The board, meeting in regular session, heard from people who have in recent months purchased properties on downtown that they plan to renovate and open for business.
But Billie Ruth Standbridge, who is planning to open a dress shop, ran into unexpected problems.
"If I understand correctly, anytime your business is open to the public, your restrooms are open to the public — it seems to me all of us as merchants will be operating as public restrooms," said Standbridge. "For my own building, I couldn't do anything about the restrooms until I have an asbestos inspection, which I think is a fairly unjust thing, especially considering the cost."
She said the inspection costs hundreds of dollars to tell her that tiles in a 5-foot by 5-foot area were asbestos-based.
"I find out for hundreds of dollars that if I don't disturb that, I can go ahead and put down another floor," she said.
But even with the inspection, she has another problem — the city building inspector has told her she must install two bathrooms due to the square footage of her property.
"Now, Sulphur Springs Hardware, which has a lot more square footage than my building, has one restroom that services both men and women," she said. "The Chamber of Commerce is new, and it has only one restroom."
The city has a grant program to help downtown property owners with their building facades, but Standbridge said more may need to be done to help.
"I have a real concern. Before I can take advantage of any kind of facade renovation, I really have to resolve my restroom situation," she said. "Since this is coming down as an imposed expense, I would like to see some consideration regarding a grant that would go toward assisting with the restrooms — and also the consistency of what would be required of us. Why would I be asked, based on square footage, to have two restrooms, when Sulphur Springs Hardware has one, and the Chamber of Commerce is brand new, and it has one"
Claude Walter, who has purchased property at 217 Main St., echoed Standbridge's comments.
"I can put in one restroom or two.

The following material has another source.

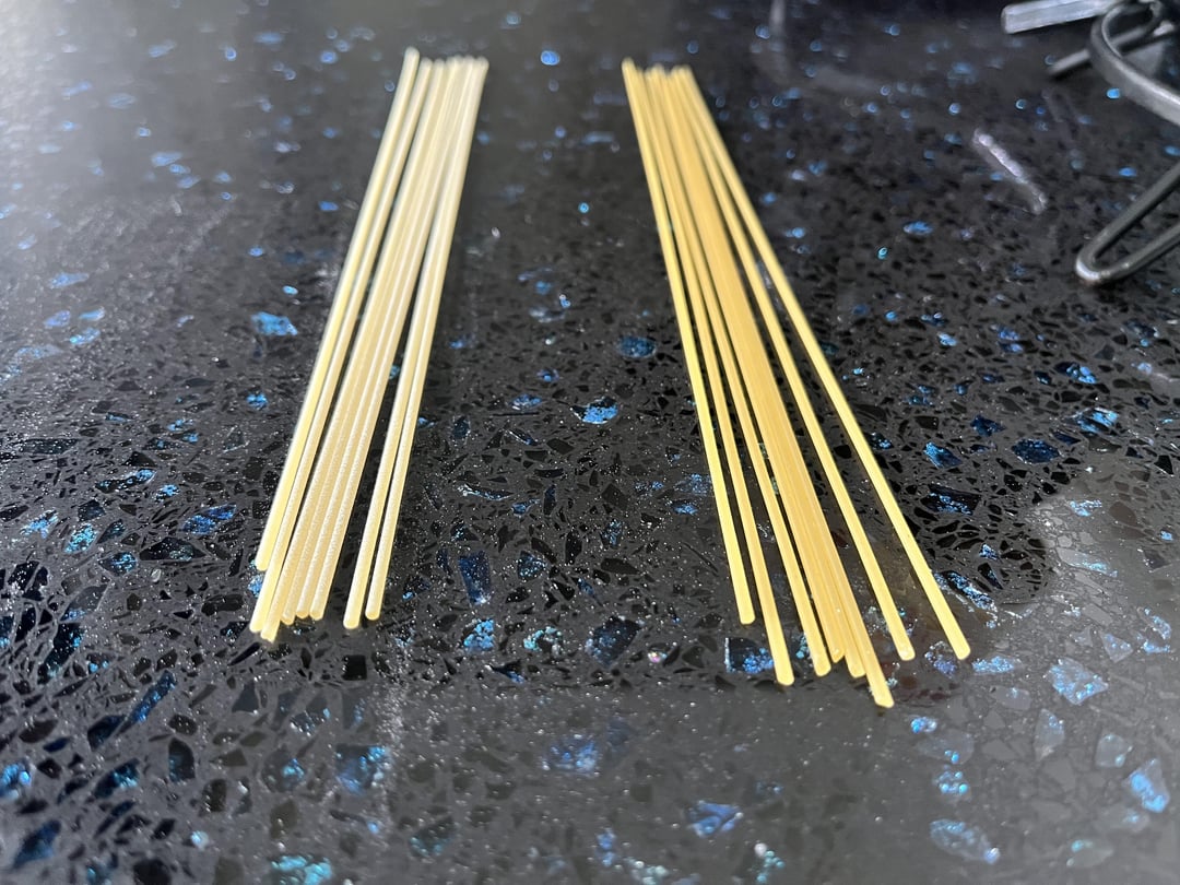 I extrude about 10-15 hours every week and to me, it looks like the one on the right has been dried at a higher temperature. If you go low and slow, it looks more like the pasta on the left. But slower takes longer so it’s more expensive to accomplish and the person paying the bills usually decides to go at a higher temperature so the batch is completed faster.

The real thing I have a problem with is asbestos removal," he said. "I had absolutely no idea what that was going to cost when I bought the buildings downtown, and it hit — that removal is $6,000, and you can't even see it."
An entire floor has to be removed because asbestos is showing, he said.

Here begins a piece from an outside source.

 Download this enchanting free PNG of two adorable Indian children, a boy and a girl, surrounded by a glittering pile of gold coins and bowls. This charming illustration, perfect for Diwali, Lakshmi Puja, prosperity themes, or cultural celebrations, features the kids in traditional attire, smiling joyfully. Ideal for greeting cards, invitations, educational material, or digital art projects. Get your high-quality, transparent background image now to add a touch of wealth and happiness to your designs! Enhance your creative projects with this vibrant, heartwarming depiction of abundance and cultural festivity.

“That's a lot of money that I could have put on restrooms," Walter said with a grin and a slight chuckle.
"If we're going to be required to do these things, there ought to be some help somewhere," he continued. "I appreciate the city wants to have nice facades and nice-looking buildings on the outside, but us poor suckers that have bought the buildings, we've got to pay for clean-up.
"If any help could be garnered from that, we sure would be appreciative.
Johnny Vance, director of community development, said asbestos was an unavoidable problem.
"As far as asbestos, that's out of our hands. That's federal and state law ... we can't just wish it away," Vance said.
"I understand that," Walter responded. "All I'm asking for is help."
Any grant programs to help with such costs could be recommended by the downtown board, Vance added, but would ultimately have to be approved by the City Council.
"As far as when one or two (restrooms) is required, if you want to challenge those issues, it goes before the Board of Appeals, which is better schooled and educated on when one is required and two is required," Vance said.